→ INSTRUCTIONS TO FOLLOW:
Could you give the entries again, exactly as written?
*** Opening RECORDS SHOWN ***
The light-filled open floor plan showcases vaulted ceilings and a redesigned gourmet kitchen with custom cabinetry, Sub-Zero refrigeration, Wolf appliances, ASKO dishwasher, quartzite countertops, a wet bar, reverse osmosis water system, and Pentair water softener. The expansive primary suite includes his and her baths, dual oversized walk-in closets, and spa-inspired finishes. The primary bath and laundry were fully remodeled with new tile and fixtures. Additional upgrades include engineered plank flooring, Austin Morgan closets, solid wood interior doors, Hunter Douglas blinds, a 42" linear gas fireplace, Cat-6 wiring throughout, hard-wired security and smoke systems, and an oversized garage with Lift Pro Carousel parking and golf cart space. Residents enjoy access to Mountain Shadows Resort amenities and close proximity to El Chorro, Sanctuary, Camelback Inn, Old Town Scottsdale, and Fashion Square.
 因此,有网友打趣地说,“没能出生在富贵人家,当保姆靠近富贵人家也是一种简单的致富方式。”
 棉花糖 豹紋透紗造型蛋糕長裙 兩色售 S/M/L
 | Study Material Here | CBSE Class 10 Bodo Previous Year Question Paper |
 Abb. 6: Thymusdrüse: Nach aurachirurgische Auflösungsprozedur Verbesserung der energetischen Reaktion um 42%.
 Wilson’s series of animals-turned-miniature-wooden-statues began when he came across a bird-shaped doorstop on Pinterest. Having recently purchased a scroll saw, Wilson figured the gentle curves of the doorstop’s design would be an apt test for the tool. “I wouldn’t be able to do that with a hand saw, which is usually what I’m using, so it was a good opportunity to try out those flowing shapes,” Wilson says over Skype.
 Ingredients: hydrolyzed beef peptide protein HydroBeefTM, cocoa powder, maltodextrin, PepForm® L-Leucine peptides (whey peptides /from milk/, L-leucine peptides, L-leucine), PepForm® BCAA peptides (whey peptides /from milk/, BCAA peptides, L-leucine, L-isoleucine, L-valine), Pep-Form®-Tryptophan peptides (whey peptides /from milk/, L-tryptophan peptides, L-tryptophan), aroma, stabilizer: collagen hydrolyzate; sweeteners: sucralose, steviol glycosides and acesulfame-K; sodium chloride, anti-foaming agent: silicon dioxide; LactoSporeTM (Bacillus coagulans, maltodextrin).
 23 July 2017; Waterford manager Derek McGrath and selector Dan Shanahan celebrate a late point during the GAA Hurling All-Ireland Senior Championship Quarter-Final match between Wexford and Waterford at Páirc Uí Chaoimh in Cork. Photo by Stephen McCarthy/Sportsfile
*** Closing RECORDS SHOWN ***
→ SOLUTION BELOW:
The light-filled open floor plan showcases vaulted ceilings and a redesigned gourmet kitchen with custom cabinetry, Sub-Zero refrigeration, Wolf appliances, ASKO dishwasher, quartzite countertops, a wet bar, reverse osmosis water system, and Pentair water softener. The expansive primary suite includes his and her baths, dual oversized walk-in closets, and spa-inspired finishes. The primary bath and laundry were fully remodeled with new tile and fixtures. Additional upgrades include engineered plank flooring, Austin Morgan closets, solid wood interior doors, Hunter Douglas blinds, a 42" linear gas fireplace, Cat-6 wiring throughout, hard-wired security and smoke systems, and an oversized garage with Lift Pro Carousel parking and golf cart space. Residents enjoy access to Mountain Shadows Resort amenities and close proximity to El Chorro, Sanctuary, Camelback Inn, Old Town Scottsdale, and Fashion Square.
 因此,有网友打趣地说,“没能出生在富贵人家,当保姆靠近富贵人家也是一种简单的致富方式。”
 棉花糖 豹紋透紗造型蛋糕長裙 兩色售 S/M/L
 | Study Material Here | CBSE Class 10 Bodo Previous Year Question Paper |
 Abb. 6: Thymusdrüse: Nach aurachirurgische Auflösungsprozedur Verbesserung der energetischen Reaktion um 42%.
 Wilson’s series of animals-turned-miniature-wooden-statues began when he came across a bird-shaped doorstop on Pinterest. Having recently purchased a scroll saw, Wilson figured the gentle curves of the doorstop’s design would be an apt test for the tool. “I wouldn’t be able to do that with a hand saw, which is usually what I’m using, so it was a good opportunity to try out those flowing shapes,” Wilson says over Skype.
 Ingredients: hydrolyzed beef peptide protein HydroBeefTM, cocoa powder, maltodextrin, PepForm® L-Leucine peptides (whey peptides /from milk/, L-leucine peptides, L-leucine), PepForm® BCAA peptides (whey peptides /from milk/, BCAA peptides, L-leucine, L-isoleucine, L-valine), Pep-Form®-Tryptophan peptides (whey peptides /from milk/, L-tryptophan peptides, L-tryptophan), aroma, stabilizer: collagen hydrolyzate; sweeteners: sucralose, steviol glycosides and acesulfame-K; sodium chloride, anti-foaming agent: silicon dioxide; LactoSporeTM (Bacillus coagulans, maltodextrin).
 23 July 2017; Waterford manager Derek McGrath and selector Dan Shanahan celebrate a late point during the GAA Hurling All-Ireland Senior Championship Quarter-Final match between Wexford and Waterford at Páirc Uí Chaoimh in Cork. Photo by Stephen McCarthy/Sportsfile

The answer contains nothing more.